EXERCISE PROMPT. For the material below, the expected output is exactly the lines between the line holding "- 생활꿀팁생활비트토인 2020년" and the line holding "nice mood :)", inclusive, with pictures left out.
########################################
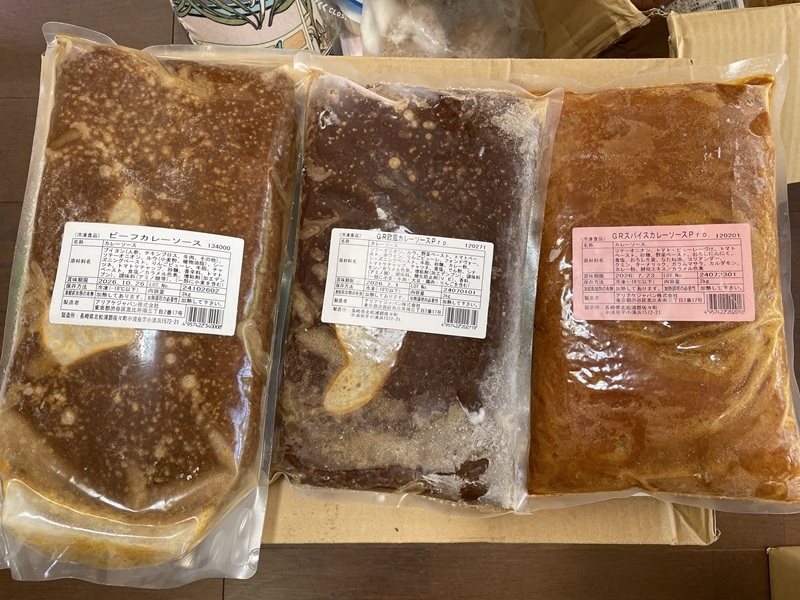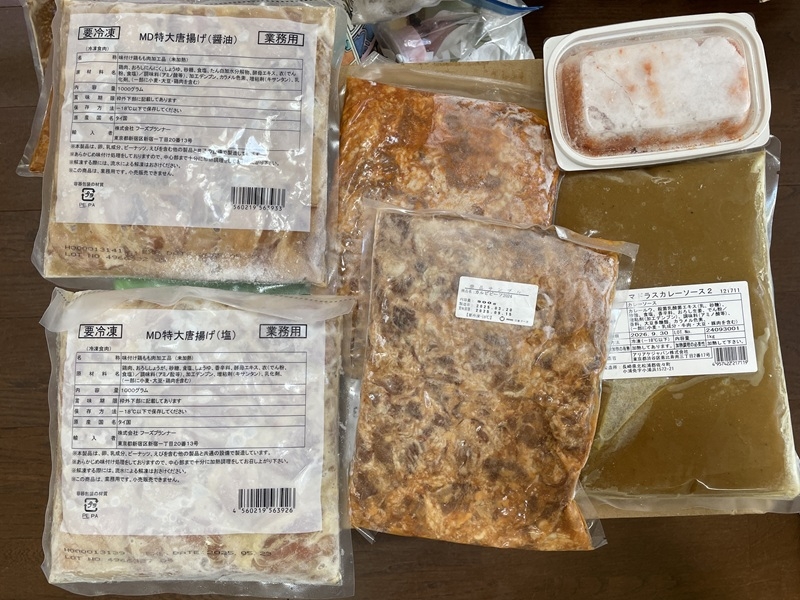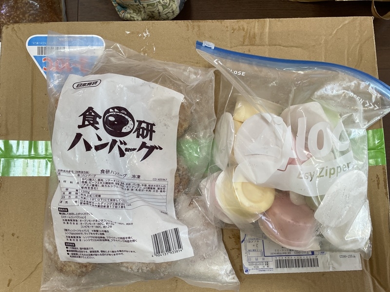 魁力屋さんからカレーソース、冷凍から揚げ、冷凍ハンバーグ、アイスを頂きました。
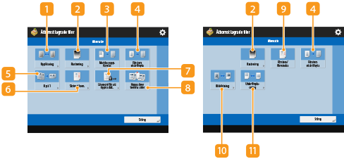 Visar status för inställningen för pappersformat för utskrift och antalet utskrifter. Kom ihåg att bekräfta inställningarna för att skriva ut på rätt sätt. För att ändra inställningarna, tryck på knappen under skärmbildsdelen. Om du vill ändra antalet utskrifter, anger du värdet med sifferknapparna.
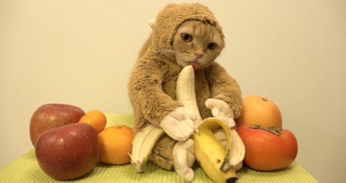 Bon ! il est juste déguisé mais son costume lui va assez bien d’ailleurs il a l’air d’adorer les bananes. Tchita aime ça ! ;)
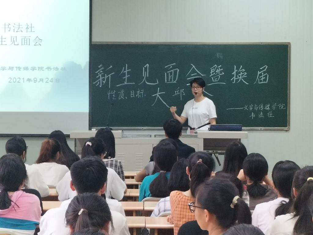 彰显笔墨风采,传承书香文化。伟德书法社于2021年9月24日16:40在1028教室成功举办了第八届换届暨纳新仪式见面会。参加见面会的有书法社指导老师周海霞老师,前任社长王思蓉,现任社长马子涵以及103位社团成员。
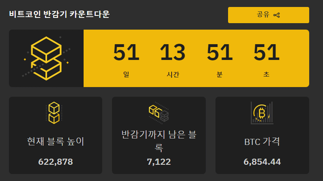 - 생활꿀팁생활비트토인 2020년 반감기가 언데이며 반감기에 토인보상을 해 주나요A. 안녕하세요. 비트코인 반감기에 대하여 답변드리겠습니다.2020년 4월 14일(화) 기준 비트코인 반감기까지 남은 블록수는 7,122개이고 2020년 6월 4~6일 정도에 발생할 것으로 예상하고 있습니다. 물론 초단위까지 정확히 예측하기는 어렵지만 대략적인 일정예측으로 참고하시면 되겠습니다.감사합니다.
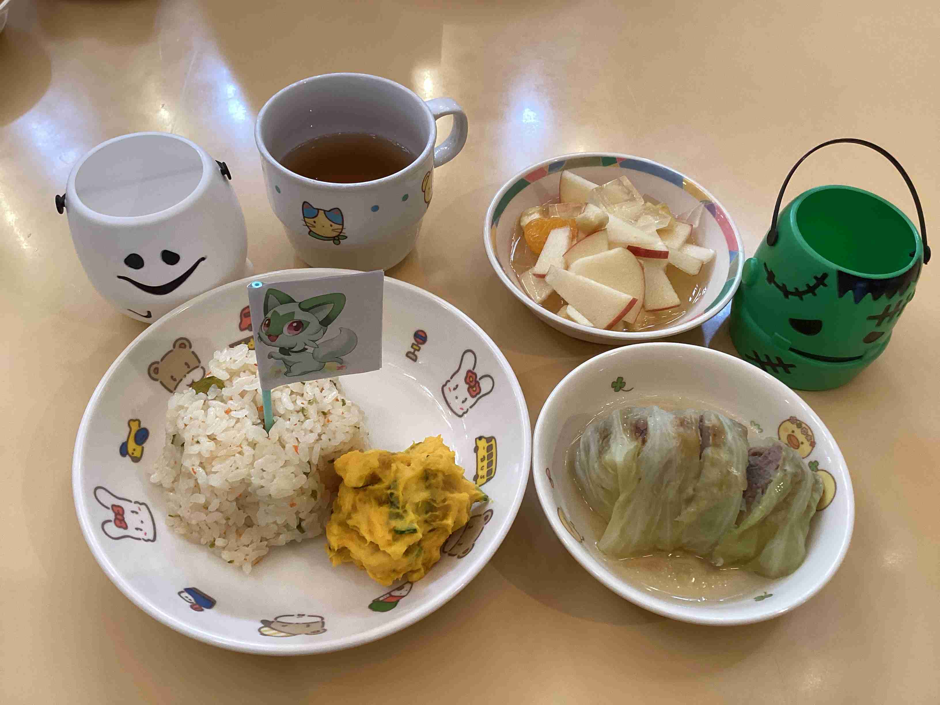 10月21日(火) 10月の誕生会は「ハロウィン」をテーマに仮装やパネルシアター、誕生児の紹介もぜ~んぶハロウィンだぞ~ でも怖くないかわいいお化けさんがたくさん現れました。給食メニュー:ピラフ・ロールキャベツ・かぼちゃサラダ・フルーツポンチ
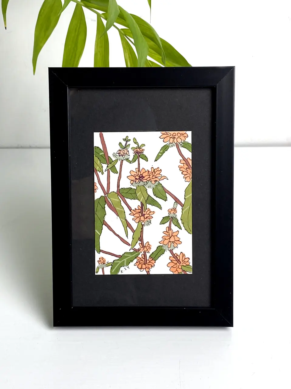 "Blossoming 4" is an atmospheric little plant drawing in a simple black frame, which is ready to take its place in your interior, hopefully creating a nice mood :)
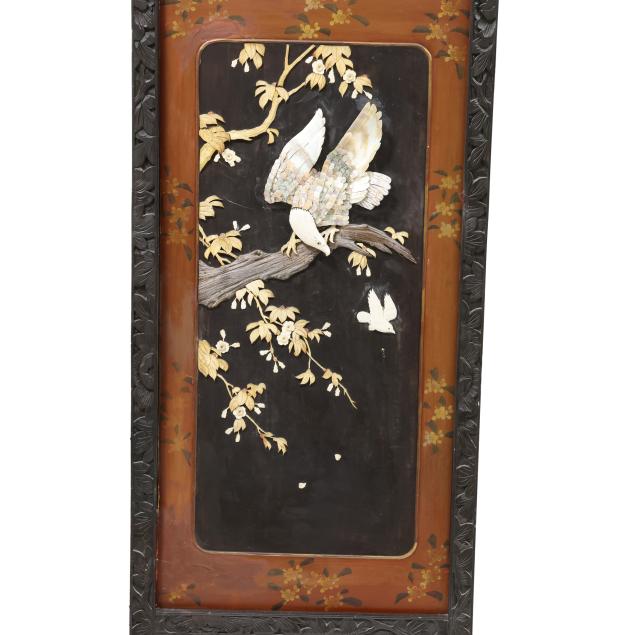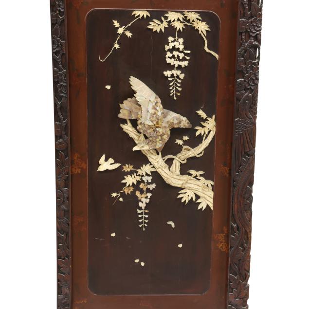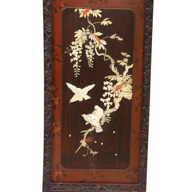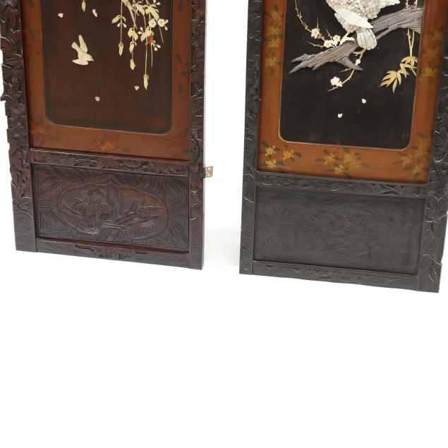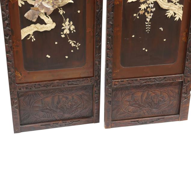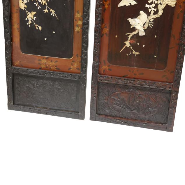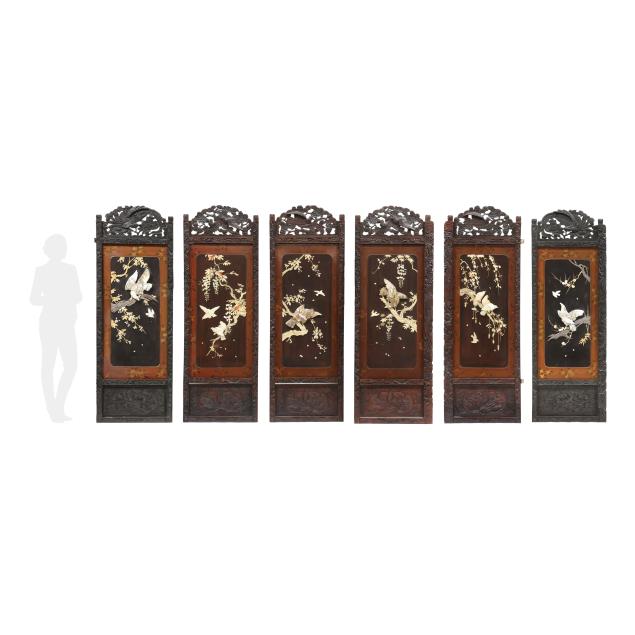 Meiji period (1868-1912), six carved hardwood panels inset with lacquer and painted panels populated with birds and flowers in high relief inlay of mother of pearl and bone, reverse side lacquered in red and painted with trees and hills, top and sides of each panel with ornate carving to frame.
########################################
FINAL ANSWER.
 - 생활꿀팁생활비트토인 2020년 반감기가 언데이며 반감기에 토인보상을 해 주나요A. 안녕하세요. 비트코인 반감기에 대하여 답변드리겠습니다.2020년 4월 14일(화) 기준 비트코인 반감기까지 남은 블록수는 7,122개이고 2020년 6월 4~6일 정도에 발생할 것으로 예상하고 있습니다. 물론 초단위까지 정확히 예측하기는 어렵지만 대략적인 일정예측으로 참고하시면 되겠습니다.감사합니다.
 10月21日(火) 10月の誕生会は「ハロウィン」をテーマに仮装やパネルシアター、誕生児の紹介もぜ~んぶハロウィンだぞ~ でも怖くないかわいいお化けさんがたくさん現れました。給食メニュー:ピラフ・ロールキャベツ・かぼちゃサラダ・フルーツポンチ
 "Blossoming 4" is an atmospheric little plant drawing in a simple black frame, which is ready to take its place in your interior, hopefully creating a nice mood :)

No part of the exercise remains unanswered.